WORK REQUIRED:
Copy the data exactly from the line that contains "Mais surtout, ce" through the line that contains "Blouse: Banana Republic", keeping both end lines and leaving out everything else.

LISTED RECORDS:
++++++++++

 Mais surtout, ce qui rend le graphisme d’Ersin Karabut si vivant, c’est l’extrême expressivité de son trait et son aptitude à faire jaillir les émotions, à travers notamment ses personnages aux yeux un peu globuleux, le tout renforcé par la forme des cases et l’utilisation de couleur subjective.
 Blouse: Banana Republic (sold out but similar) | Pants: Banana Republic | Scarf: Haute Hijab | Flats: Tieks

++++++++++

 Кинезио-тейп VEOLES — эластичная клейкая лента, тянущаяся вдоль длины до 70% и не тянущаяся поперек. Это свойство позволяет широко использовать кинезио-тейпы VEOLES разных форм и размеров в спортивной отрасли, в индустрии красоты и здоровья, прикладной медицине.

++++++++++

SOLUTION TO THE PROBLEM:
 Mais surtout, ce qui rend le graphisme d’Ersin Karabut si vivant, c’est l’extrême expressivité de son trait et son aptitude à faire jaillir les émotions, à travers notamment ses personnages aux yeux un peu globuleux, le tout renforcé par la forme des cases et l’utilisation de couleur subjective.
 Blouse: Banana Republic (sold out but similar) | Pants: Banana Republic | Scarf: Haute Hijab | Flats: Tieks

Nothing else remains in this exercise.